Vale – Brave Warrior – Ron Perkins 3RAR, Korea, AATTV and Vietnam

It is easy to write of an old soldier such as Ron Perkins who demonstrated strong qualities of life including leadership and love of country. Ron left the army after a very distinguished career including operational service in both Korea and Vietnam.

Even in retirement, supported and encouraged by his ever wonderful and devoted wife, June, he was very much involved in pursuing the interests of fellow veterans. Always to the fore was welfare, promoting pride and camaraderie.  No easy task, given that the aging veterans were scattered over vast distances.

As a soldier of the Third Battalion of the Royal Australian Regiment, his baptism of fire was in the early days of the Korean War. The many bloody encounters included the historic Battle of Kapyong where his battalion, despite incredible odds, defied the might of an advancing communist army. For this outstanding and seemingly impossible delaying action, the battalion was awarded the most prestigious United States Presidential Unit Citation.

Years later, he was among those few, selected for service in Vietnam with a recently formed unit, the Australian Army Training Team. (AATTV)  Given that this unit received many awards during operations, the term ‘Training’ became very much a misnomer. AATTV was awarded two foreign unit citations, thus Ron became one of a very few at that time to be wearing three foreign unit citations along with his impressive array of other military awards.

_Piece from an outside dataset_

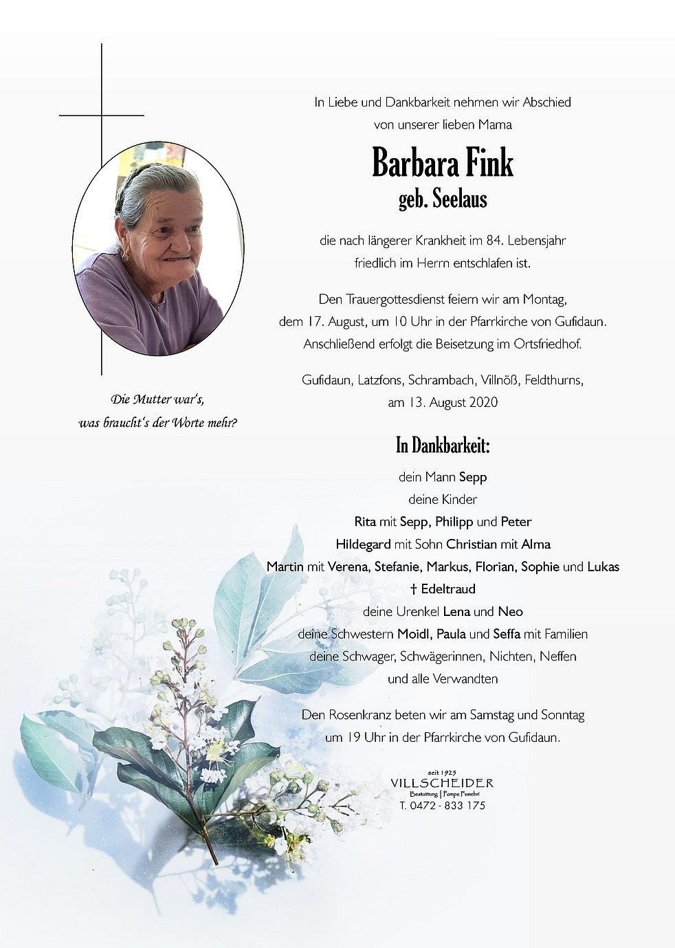 Begräbnisgottesdienst: 17.08. - 10:00 Uhr Gufidaun

Join me as I picture him and his mates, mostly young, and perhaps distant from the front line, camped on reverse slopes, and around a small campfire. There would be laughing, joking and often singing of their favourite songs which included “The wild colonial boy” and another where in loud voice, they claimed they were all illegitimate and preferred vice and sin to fighting for their country. Such was their wry humour.

Then in the morning, these warriors from the land down under, went forward, exposed to winter’s freezing icy winds and snow or summers hot and relentless heat. Always they were heavily laden with weapons, equipment and a blackened tea billy used by the sub unit, dangling from someone’s haversack. Many of them were wearing American boots, combat smocks and balaclavas they had “borrowed” from their American allies. They tramped along unnamed narrow dirt roads toward the fog of war and the unknowns of their tomorrow; always with a sense of purpose and trust in each other as well as confidence in their leaders. Always evident from the commanding officer to the most junior soldier was the immense pride in their unit. They knew who they were and what they were about to do.  

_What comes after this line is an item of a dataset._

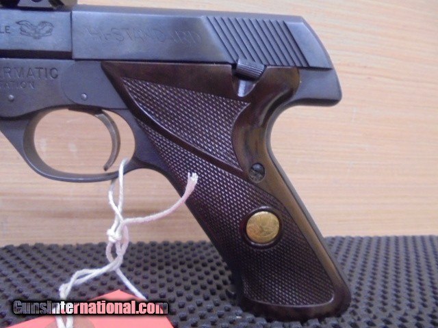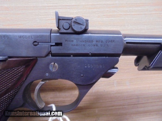 Description: USED GOOD CONDITION HIGH STANDARD MODEL 102 SUPERMATIC CITATION .22 LR 9" BARREL WOOD GRIPS ADJ REAR SIGHT 1 - 10 RND MAG ****PLEASE CALL IN THE WITH THE SELLER’S INVENTORY NUMBER IF INQUIRING ABOUT A FIREARM****** WE DO NOT SHIP FIREARMS AND/OR FIREARMS’ PARTS OUT OF THE 50 UNITED STATES, SO DON’T ASK PRICE REFLECTS PAYMENT BY MONEY ORDER / CASHIERS CHECK. A 3% PREMIUM IS ADDED FOR CREDIT CARDS. WE DO ACCEPT PERSONAL OR BUSINESS CHECKS, BUT THERE IS A GRACE PERIOD OF 10 BUSINESSS DAYS ON THEM. Shipping is $40 for handgun and $30 for long gun. Shipping to Alaska and Hawaii will be more based on weight of firearm. WE DO OFFER LAYAWAY PLANS FOR 30,60, OR 90 DAYS. THERE IS A $5.00 CHARGE FOR EVERY 30 DAYS ITEM IS ON LAYAWAY. WE ALSO REQUIRE A 20% DOWN PAYMENT ON TOTAL OF LAYAWAY SALE. LAYAWAYS ARE NON- REFUNDABLE. HERE IS HOW THIS PROCESS WORKS. YOU WOULD CALL US AT 540-337-9218 WITH LISTER # TO PURCHASE THE GUN. THEN ONCE I HAVE RECEIVED PAYMENT AND AN FFL (FEDERAL FIREARMS LICENSE) FROM A LICENSED DEALER IN YOUR AREA OF YOUR CHOICE. WE WILL THEN SHIP THE GUN TO THEM. YOU WOULD THEN PICK UP THE GUN AT YOUR LOCAL DEALER AND DO PAPER WORK THERE. Please have your FFL Dealers contact information when you call. DOMINION OUTDOORS 15 ANGELA COURT FISHERSVILLE, VA 22939 540-337-9218 540-337-2422 fax M – F 9 to 6 ETZ Sat 9 – 4 ETZ ****PLEASE CALL IN THE WITH THE SELLER’S INVENTORY NUMBER**** ***PLANO HARD CASES AVAIABLE FOR PURCHASE $19.99 WITH THE PURCHASE OF A FIREARM** ****PLEASE CALL IN THE WITH THE SELLER’S *** Online prices compared to in store prices will vary. *** SOLD |

Ron was part of all of this and clearly showed his love of country and a firm belief in our precious way of life.  His pride and affection for his old units never faltered throughout his life.  Years ago, I became aware that when the time came, he would want to bid farewell to each and all of his surviving old comrades on Planet Earth who would still be answering “Present” at roll call and thus this note. 

Have no doubt that he is now part of the growing ghost column which follows behind today’s youngsters who serve in the battalion, who march proudly with their unit’s Colours held high. As he passes the cheering crowds, the Spirit of one of Australia’s best, Ron Perkins, marching with old comrades one more, and will salute his beloved wife and family watching from afar.

Ron’s military history is recorded in this interview in 2003 

                   Vale Brave Warrior

Go seek glory with your deeds from a distant past 
Rest with old comrades at long, long last 
Feel the glowing, peaceful warmth of the campfire 
Singing, laughing and then restful sleep; gone forever any ire 
 

Those fields of war now washed clean of blood, sweat and tears
Yet still the faint cry ‘‘Duty First’’ can be heard each and every year While on Planet Earth, a new generation firmly holds the sacred flame
Brave deeds stitched on sacred cloth, proudly carried high, again and again  

George Mansford April 2019

Comments

  1. Ron ,A real gentleman and a real soldier. I have a great love and respect for Korean Soldiers as many trained me in the 60s. Always quiet,no nonsense ,professional and proud.
    Ron was that type of person, who I met about 10 years ,with June at a 3RAR Function. Wonderful,down to earth people. RIP RON WITH ALL THE REAL SOLDIERS IN HEAVEN.